§ **Problem description**:
After locating the line with "30 June 2018;" below, output it and each following line exactly, stopping after the line with "去年12月31是吴永恩的生日". No pictures.
◇ ◇ ◇ ◇
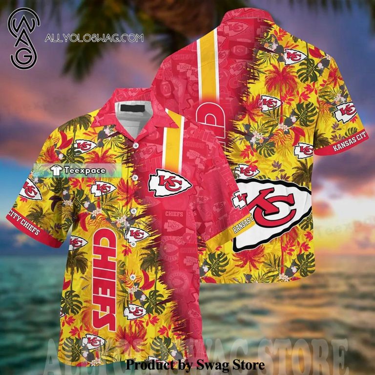 [Top-selling] Kansas City Chiefs Gold Red Floral Summer Set Hawaiian Shirt Kansas City Chiefs Gift Ideas was hand-tailored in the early days of fashion. This might happen in the comfort of one’s own home or at a custom tailor’s business. These stores immediately sprang up all across the islands, especially in plantation towns and Honolulu. Newly accessible fabrics from throughout the world were sold at dry goods stores, including printed silk from Japan, raw silk, batik, and rayon from the United States mainland, and cotton cloth for kimonos and yukatas.Hawaiian history had long been shaped by Asian immigrants, and apparel designs reflected this. Short- and long-sleeved shirts, as well as women’s skirts, were created using pre-printed textiles from China and Japan and were based on Asian clothing styles. These bright blouses and dresses were the forerunners of today’s Aloha attire. On the islands, we say “ono” to describe something that is pleasantly cool.
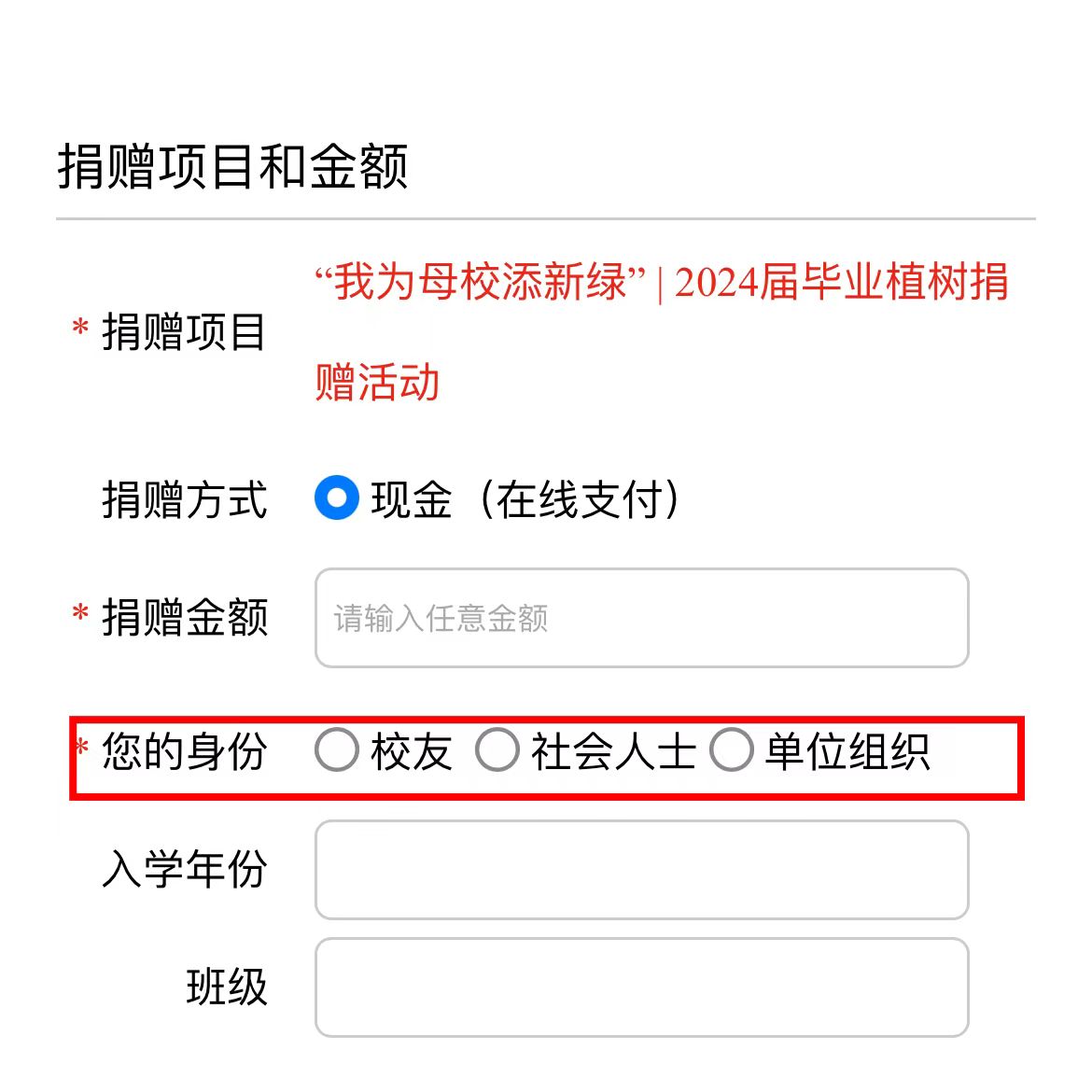 选择捐赠身份
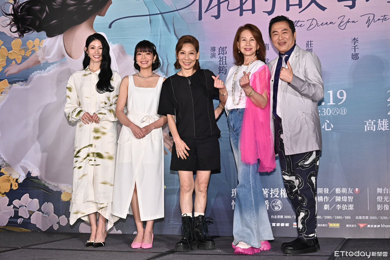 ▲瓊瑤原著改編《你的故事我的夢》舞台劇記者會,(左起)李千娜、林雨宣、導演郎祖筠、周丹薇、湯志偉。(圖/記者李毓康攝)
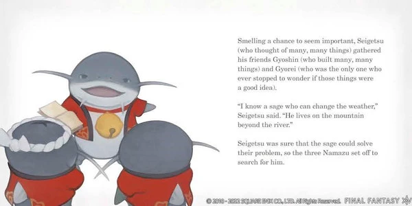 Final Fantasy XIV Picture Book: The Namazu and the Greatest Gift is presented in this hardcover edition created by Square Enix and was written by lead FFXIV story designer Banri Oda with illustrations by concept artist Hiroyuki Nagamine.
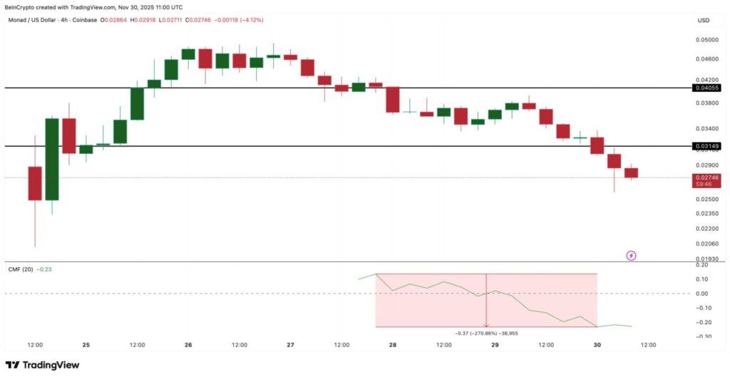 Indikator teknikal Chaikin Money Flow (CMF) menunjukkan bahwa sejak 27 Oktober 2025, aliran uang besar ke MON terus menurun lebih dari 270%. Angka CMF yang negatif menunjukkan bahwa pelaku pasar besar atau whale tidak lagi menambah posisi pada token ini.
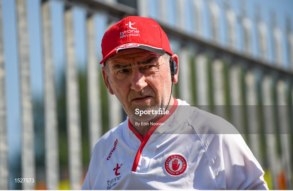 30 June 2018; Tyrone manager Mickey Harte ahead of the GAA Football All-Ireland Senior Championship Round 3 match between Cavan and Tyrone at Brewster Park in Enniskillen, Fermanagh. Photo by Eóin Noonan/Sportsfile
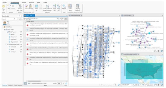 See Figure 1 as an example from the USGS of searching through an archive of publications and documents using KGs organized around citations. The figure depicts a citation network KG of publications using Esri’s ArcGIS Pro as the GIS, thereby allowing users to query by location for experts who have a particular expertise as evidenced through their publications.
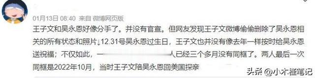 去年12月31是吴永恩的生日,王子文并未送祝福,而且删除了很多与吴永恩的合影,由此来看,参加过综艺后,两人就已经分手了。
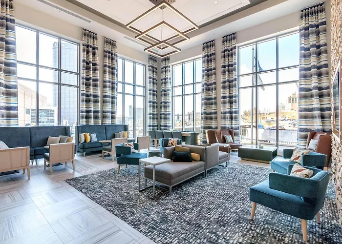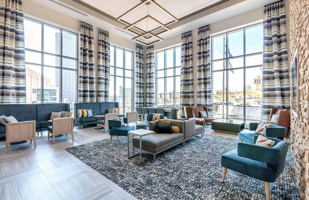 Spacious rooms at Cambria Hotel Pittsburgh - Downtown provide modern furnishings, plush bedding, and luxury linens. Accommodations include fully equipped kitchens, flat-screen TVs, and high-speed Wi-Fi. There are options for one, two, and three-bedroom suites suitable for extended stays or families.
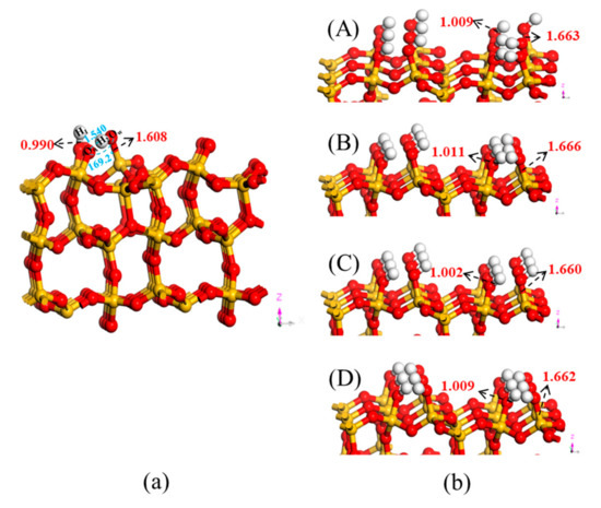 The initial cleaved (101) surface structure of the quartz is shown in Figure 7a, and its optimized structure at the GGA-PBESOL level is presented in Figure 7b. It can be seen from Figure 7 that the newly generated (101) surface structure will undergo a slight reconstruction to obtain a stable surface. Each Si atom was coordinated with four O atoms to form a tetrahedral structure, where the bond lengths of the Si–O bond formed by O atoms connected up and down with a Si atom extend from 1.539 Å to 1.546 Å and 1.677 Å to 1.704 Å, respectively, and the bond lengths of the Si–O bond formed by O connected left and right, with Si shortened from 1.688 Å to 1.680 Å and 1.742 Å to 1.727 Å, respectively. Before simulating the adsorptions of various adsorbates onto the quartz surface, the first consideration was to investigate the rarely reported hydroxylation behaviors of water molecules on the α-quartz (101) surface to more accurately describe the subsequent interaction mechanisms [36]. The hydroxylation reaction of the quartz (101) surface can be evaluated by the adsorption energy (Eads) of water on the quartz’s surface. The equation for adsorption energy (Eads) can be defined as the following [15]: Eads = Esystem – (Equartz(101) + EH2O), where Esystem represents the total energy of the optimized hydroxylated configuration of the H2O-absorbed quartz (101) surface, Equartz(101) and EH2O refer to the total energy of the optimized quartz (101) surface and optimized H2O molecules in the periodic structure, respectively. Firstly, individual water molecules are placed above unsaturated Si atoms on the quartz (101) surface. Due to the strong hydrophilicity of the quartz surface, it was found that H2O would spontaneously crack into H and OH, and separately combine with O atoms and Si atoms onto the quartz (101) surface after optimization. At the same time, one can easily find that two new Si–OH silanol groups were generated accompanied by the formation of Ow–H2···Oq hydrogen bonds with distance and bond angles of 2.598 Å and 169.2°, as illustrated in Figure 8a (note that Oq and Siq belong to the surface atoms of quartz; H1, H2, and Ow belong to the water molecule). The adsorption energy of a single water molecule on the quartz (101) surface was −501.4 kJ/mol, which indicates that the hydroxylation process was thermodynamically favorable. In consideration of the existence of six unsaturated Si atoms on the cleaved quartz (101) surface, six H2O molecules were placed directly above six different unsaturated Si atoms to explore the hydroxylation behaviors of water molecules on quartz. Figure 8b presents the optimized complete hydroxylation models of the quartz (101) surface with six water molecules adsorbed at the same parameter settings. The configuration A in Figure 8b is the original optimized hydroxylation model, and the other three possible configurations can be obtained in consideration of the symmetry of the system. Clearly, the bond lengths of the newly generated Oq–H and Siq–OH in the four hydroxylation models show little difference, but there is a significant diversity in the orientation of the bonds. The adsorption energy of the four different hydroxylation configurations of the quartz (101) surface is listed in Table 2. When all the O–H bonds on the surface of the quartz intersect with each other, the obtained configuration (i.e., configuration D in Figure 8b) has the lowest energy about −2517.8 kJ/mol, indicating that configuration D was the most stable in terms of thermodynamics.
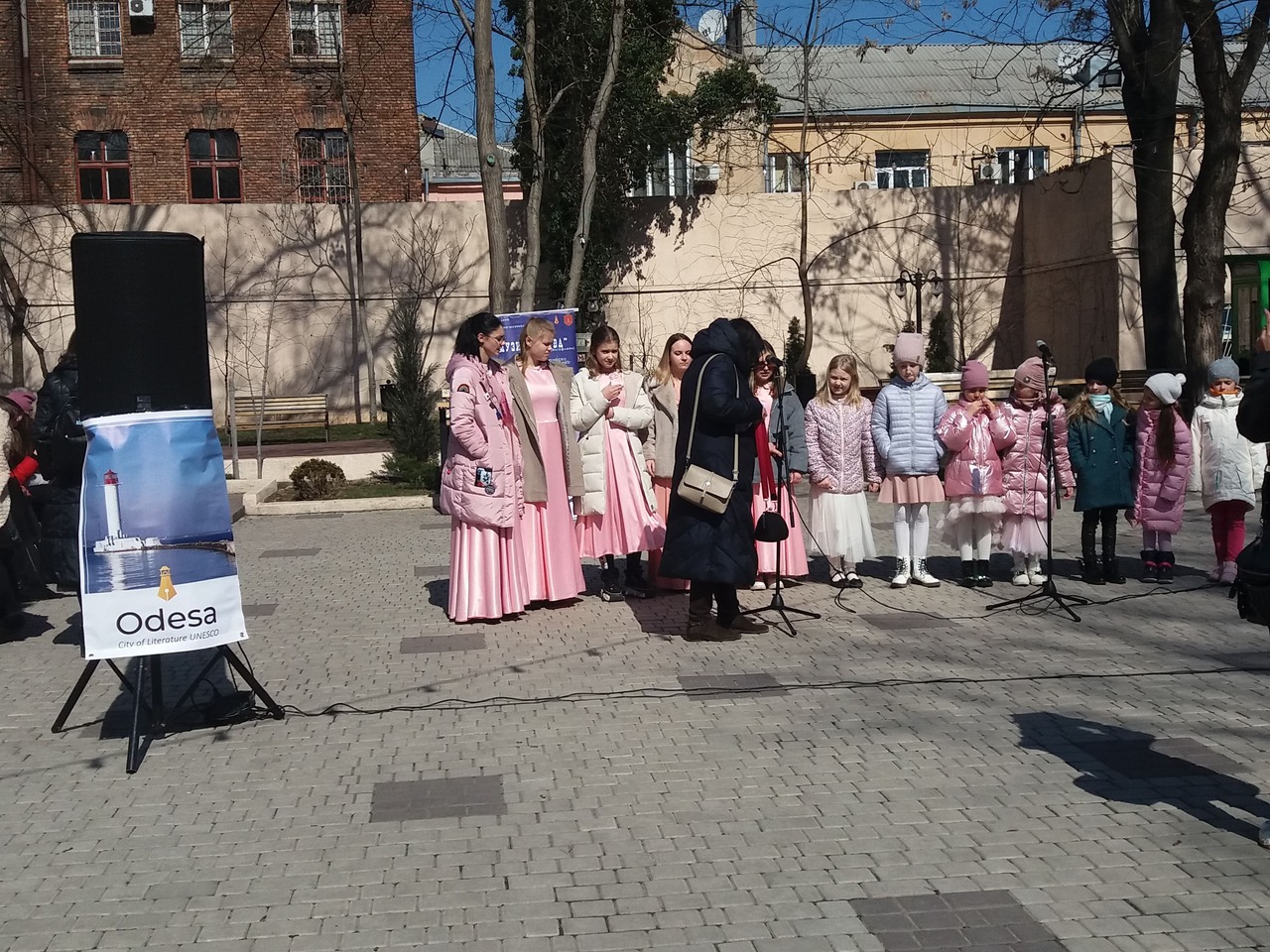 Забавно было за этим наблюдать: чиновница с натянутой улыбкой, сдавленным голосом, говорит что-то там про креативный город, музыку слова и прочие воздушные прелести… И тут же, пока дети читают стихи замечательных одесских поэтов, идёт дымить сигаретой прямо на глазах у доверчивых созданий в розовых платьицах – хора 8-й школы искусств (которые великолепно, хоть и под фонограмму «плюс», исполнили песню «Белый парус»).
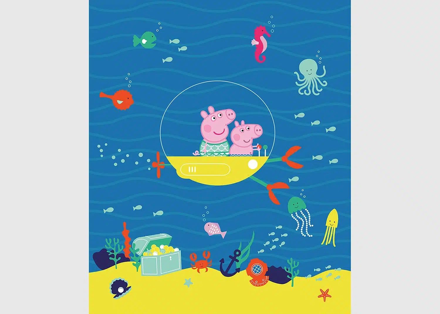 Explore different Peppa’s adventures from delightful picnics to underwater adventures with our designs, which are tailored to captivate any child. Crafted with love, each mural adds a sprinkle of magic to your child’s room. Alongside our Peppa Pig wall murals, explore our range of textile products, wall borders, and stickers to complement the theme seamlessly.
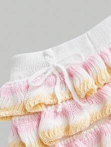 Süße & Kawaii Kuchen-Stil geschichteter Rüschen-Saum Regenbogen-Farbverlauf gestrickte Damen Shorts Rock
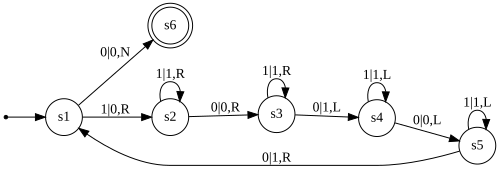 Fleißiger Biber Turingmaschine mit 2 Zuständen (+Endzustand) | Eigenes Werk | Wdvorak | Datei:Busy beaver 2-state.svg | |
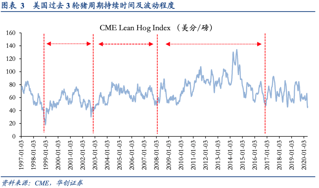可以看到,养殖规模化程度的提升并未消灭猪周期,只是相对于中国的猪周期,这种波动更频繁,但周期幅度较窄,伤害性弱一些。
◇ ◇ ◇ ◇
§ **Answer to the exercise**:
 30 June 2018; Tyrone manager Mickey Harte ahead of the GAA Football All-Ireland Senior Championship Round 3 match between Cavan and Tyrone at Brewster Park in Enniskillen, Fermanagh. Photo by Eóin Noonan/Sportsfile
 See Figure 1 as an example from the USGS of searching through an archive of publications and documents using KGs organized around citations. The figure depicts a citation network KG of publications using Esri’s ArcGIS Pro as the GIS, thereby allowing users to query by location for experts who have a particular expertise as evidenced through their publications.
 去年12月31是吴永恩的生日,王子文并未送祝福,而且删除了很多与吴永恩的合影,由此来看,参加过综艺后,两人就已经分手了。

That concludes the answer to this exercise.